*Task input*

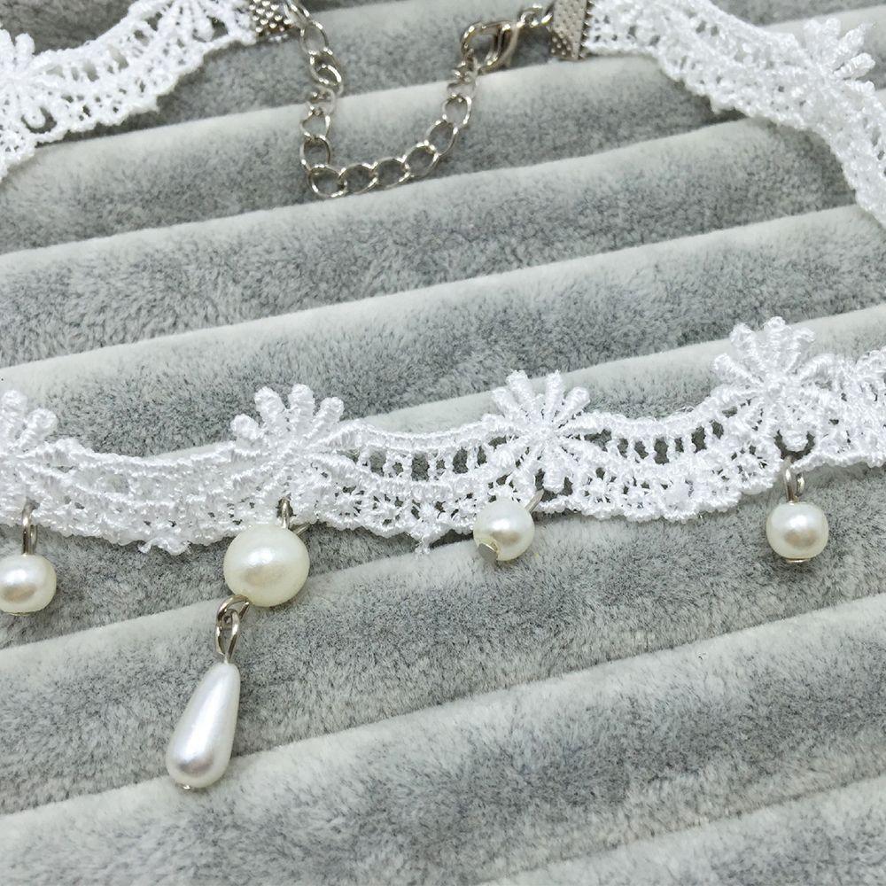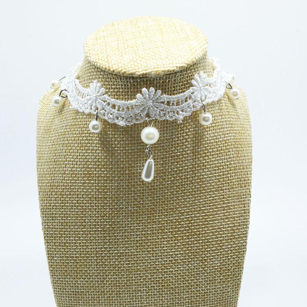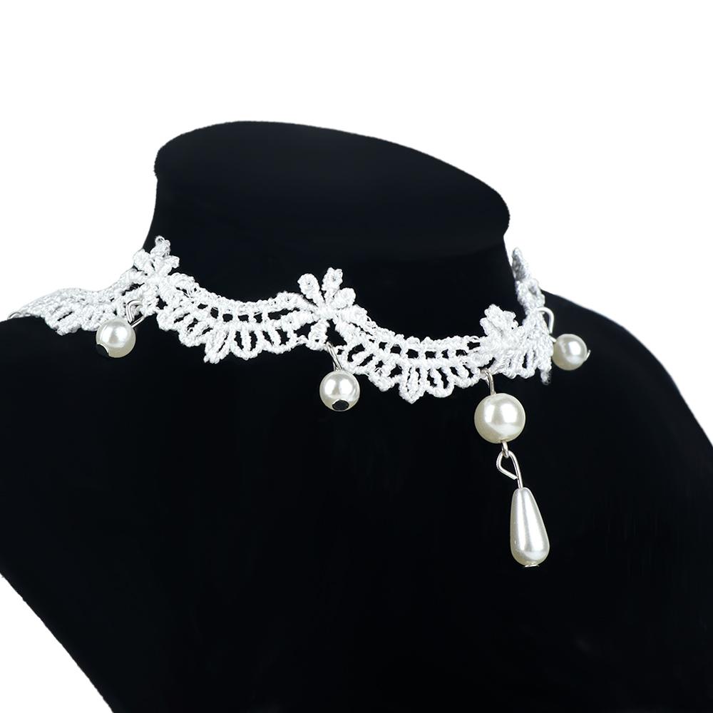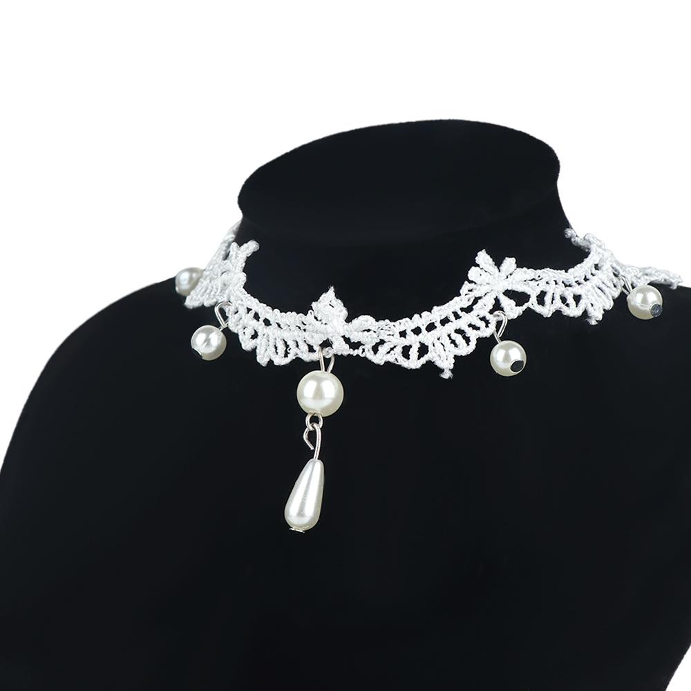 Gothic Women Lace Pendant Bride White Pearl Necklace Choker Collar
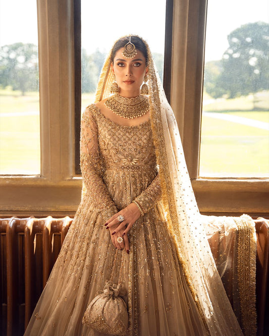 Ayeza Khan Bridal Golden Gown - Luxury Wedding Dress | 60% OFF
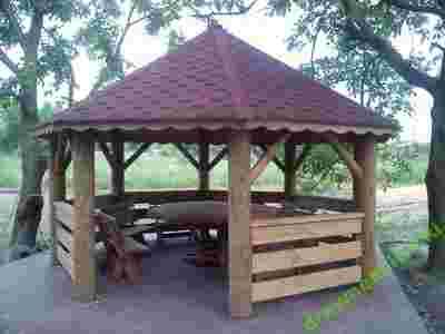 Dach altany składa się z ośmiu części i pokryty jest gontem bitumicznym termozgrzewalnym , a wszystkie łączenia są wykończone także gontem i zapewniają nieprzemakalność dachu !
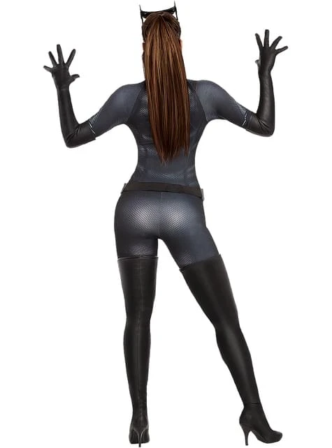 Como se trata del traje de Catwoman oficial no le faltan detalles y la calidad está asegurada. El disfraz incluye un increíble mono completo de color negro y gris pero sublimado, por lo que su realismo es mucho mayor. Además es elástico por lo que te podrás mover por los tejados de tu ciudad como la verdadera Catwoman.
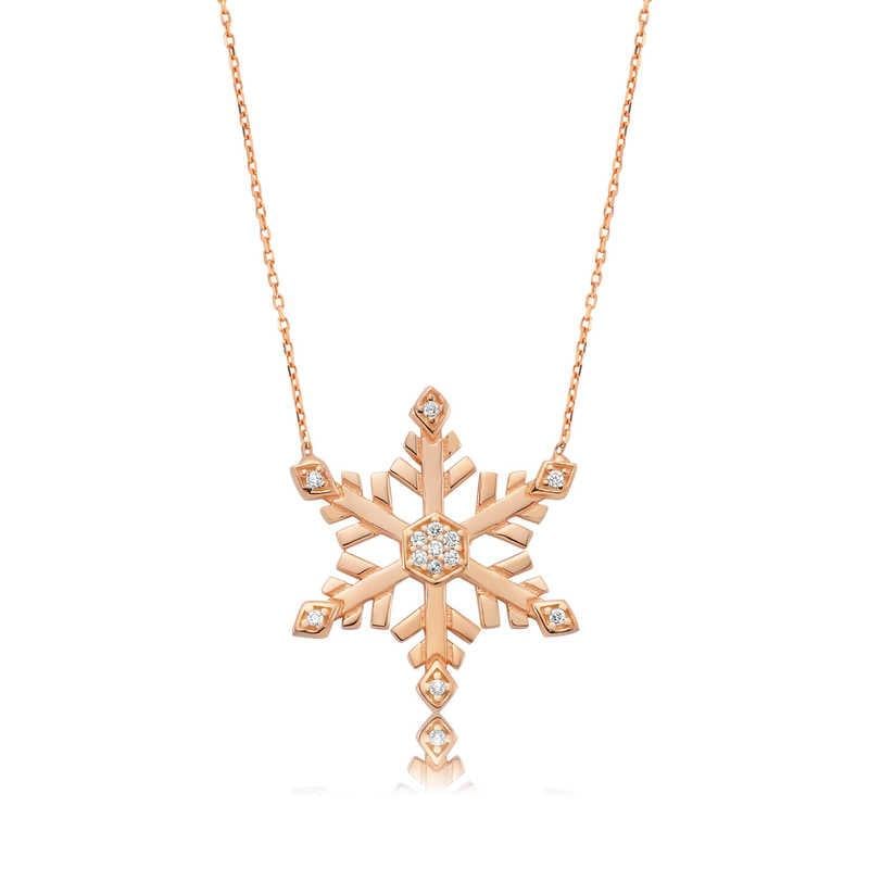 Bu harika tasarıma sahip kar tanesi bayan kolye 925 ayar gümüşten imal edilmiştir. Birçok kar kristal çeşidi olmasına rağmen, kar tanelerinin kristal yapıları birbirinin tıpa tıp aynısı değildir, her bir kar tanesi eşsizdir ve bir benzeri yoktur. Sevdiklerine eşsiz bir hediye vermek isteyen kişiler için, zirkon taşlarla süslenmiş bu kar tanesi kolye mükemmel anlamlar yüklü kaçırılmayacak bir hediye fırsatıdır. Bu kar tanesi kolye tasarımının üzerine rose altın kaplama yapılmıştır. Rose altın kaplama yapılan gümüş bayan kolye modelleri parlaklığını uzun süre muhafaza eder, oksitlenmesi gecikir. Gümüş bayan kolyenin üzerinde bulunan taşlar zirkondur. Ortalaması 45 cm olan gümüş bir zincir ile gönderilir. Tüm gümüş bayan kolye tasarımları ve modelleri el emeği ile üretilmiştir. Gümüş ve değerli taşlar nedeniyle belirtilen ürün ağırlığında ± %10 sapma olabilmektedir.

*Directions*
Copy nothing but the lines from the start of the entries through the line with "Como se trata". Write them out exactly, without pictures.

*Answer to the problem*
 Gothic Women Lace Pendant Bride White Pearl Necklace Choker Collar
 Ayeza Khan Bridal Golden Gown - Luxury Wedding Dress | 60% OFF
 Dach altany składa się z ośmiu części i pokryty jest gontem bitumicznym termozgrzewalnym , a wszystkie łączenia są wykończone także gontem i zapewniają nieprzemakalność dachu !
 Como se trata del traje de Catwoman oficial no le faltan detalles y la calidad está asegurada. El disfraz incluye un increíble mono completo de color negro y gris pero sublimado, por lo que su realismo es mucho mayor. Además es elástico por lo que te podrás mover por los tejados de tu ciudad como la verdadera Catwoman.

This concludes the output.